* What you are asked to do
Using the data below, set down every line from the one containing "The sweet chili" through the one containing "The silver lining", inclusive and unchanged. Pictures are to be skipped.

* Given information
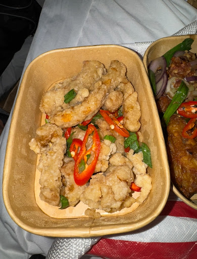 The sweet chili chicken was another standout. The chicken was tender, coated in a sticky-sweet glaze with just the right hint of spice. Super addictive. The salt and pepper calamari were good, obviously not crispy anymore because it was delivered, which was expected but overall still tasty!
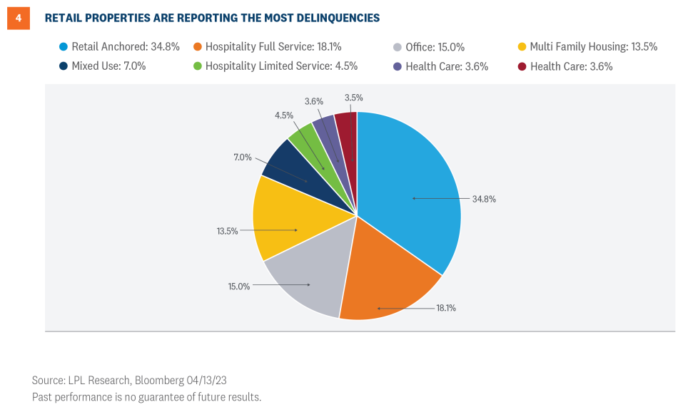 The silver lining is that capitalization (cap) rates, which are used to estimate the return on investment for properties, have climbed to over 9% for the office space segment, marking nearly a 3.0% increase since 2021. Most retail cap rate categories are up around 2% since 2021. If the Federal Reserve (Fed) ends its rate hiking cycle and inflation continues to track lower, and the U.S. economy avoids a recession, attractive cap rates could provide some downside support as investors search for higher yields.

==

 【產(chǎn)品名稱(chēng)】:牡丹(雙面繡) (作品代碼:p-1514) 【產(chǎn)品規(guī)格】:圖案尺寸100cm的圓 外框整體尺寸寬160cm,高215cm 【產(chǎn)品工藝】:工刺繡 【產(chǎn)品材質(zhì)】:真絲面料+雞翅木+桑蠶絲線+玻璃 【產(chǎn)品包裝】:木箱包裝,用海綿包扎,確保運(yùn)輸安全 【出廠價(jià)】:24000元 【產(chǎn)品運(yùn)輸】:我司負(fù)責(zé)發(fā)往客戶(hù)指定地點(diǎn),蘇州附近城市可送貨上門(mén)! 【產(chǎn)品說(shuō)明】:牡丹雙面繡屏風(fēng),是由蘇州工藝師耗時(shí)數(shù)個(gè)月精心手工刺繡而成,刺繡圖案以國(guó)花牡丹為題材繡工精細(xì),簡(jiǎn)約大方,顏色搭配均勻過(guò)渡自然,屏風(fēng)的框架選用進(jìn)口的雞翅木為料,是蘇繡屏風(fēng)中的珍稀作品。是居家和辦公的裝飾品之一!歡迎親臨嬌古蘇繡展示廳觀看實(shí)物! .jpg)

* Task answer
 The sweet chili chicken was another standout. The chicken was tender, coated in a sticky-sweet glaze with just the right hint of spice. Super addictive. The salt and pepper calamari were good, obviously not crispy anymore because it was delivered, which was expected but overall still tasty!
 The silver lining is that capitalization (cap) rates, which are used to estimate the return on investment for properties, have climbed to over 9% for the office space segment, marking nearly a 3.0% increase since 2021. Most retail cap rate categories are up around 2% since 2021. If the Federal Reserve (Fed) ends its rate hiking cycle and inflation continues to track lower, and the U.S. economy avoids a recession, attractive cap rates could provide some downside support as investors search for higher yields.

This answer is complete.